Been a while since I last seen these children, I have been missing their annoyance and shrinking twaddle. On the 8th September 2018, I finally had the chance to spend time with them again. Never thought that these annoying creatures would be my vitamins of consolation. Two months since I finished my final assignment and internship as the requirement for graduating, I haven’t been able to manage my time for them. Have you ever felt satisfied so much, that it seem like the whole world are proud of you and you have got everything? I felt that. However, things sometime do not turn out to be the way we wanted or expected. There I had to put an end to what I have been dreaming of. Deep down it was difficult to give up, but consider the emotion I had of finding the place where I belong and welcomed, I realized I haven’t found that place. Disappointed with the new me of “giving up” and anxious yet confuse on what, where, and how I should be. I was ashamed of my mistake and refuse to talk to others about my problem and sadness.






But that day, I went to a place where I created happiness just with my arrival. Where I was cherished and loved. Then all the disappointment, anxiousness and confusedness wore off. Children always made me happy and as if I was the most loved person on the universe. The car drove through the street of twists and turns and as soon as my ear detected that shrinking noise, I felt welcomed. They ran trying to outrun us with their sandal, yet they still won.

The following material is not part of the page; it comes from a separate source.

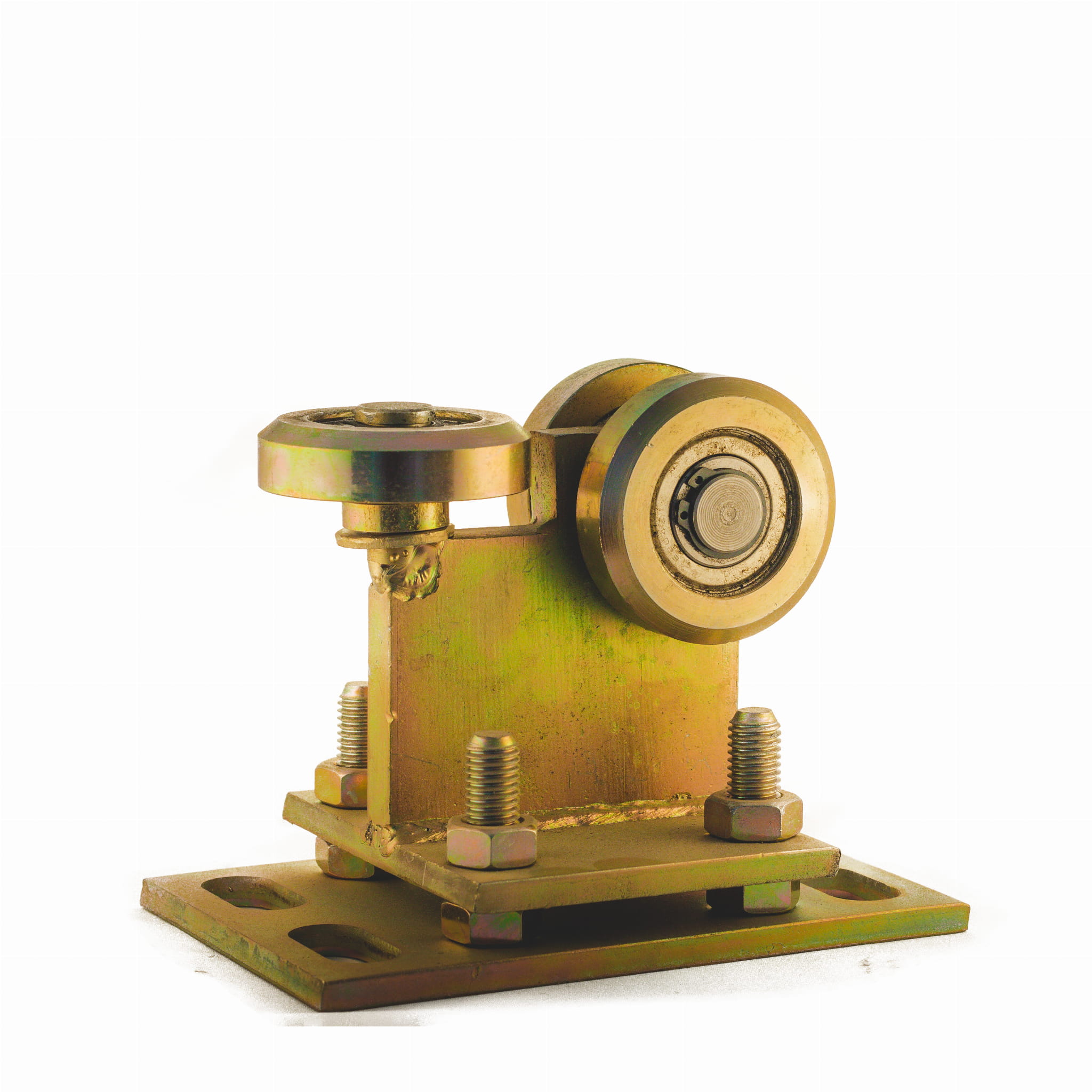Model wykonano ze stali S235 z cynkowaniem ogniowym. Trzy stalowe rolki łożyskowane są przeznaczone do pracy w układzie jezdnym bramy przesuwnej.

That day I realized there is nothing to be ashamed and afraid of, but just to move on and ask for help. These little creatures woke me up, and for some reason I have forgotten what they had taught me since the very beginning. As if they awakened me again. They scribbled the blank paper with their pencil tip over and over again, until they are inerasable. They were frustrated; as the drawings never turn out the way they wanted. However they asked for help with their grumble. They ask assistance in drawing as for adult it would be the simplest and easiest thing. They moved on from the mistake and all the inerasable scribbled they made on the paper. I know they may be children who might not have learned and experienced as much as we did, but they can show us the simplest thing in living. Living is about experiencing, asking for help, make mistake and find solution. However, seeking solution requires confidence and to never feels ashamed. Even superman is no super without the help of others. Make as much mistake as you can, keep moving forward, learn from those mistakes, find and ask for help and solution with confidence.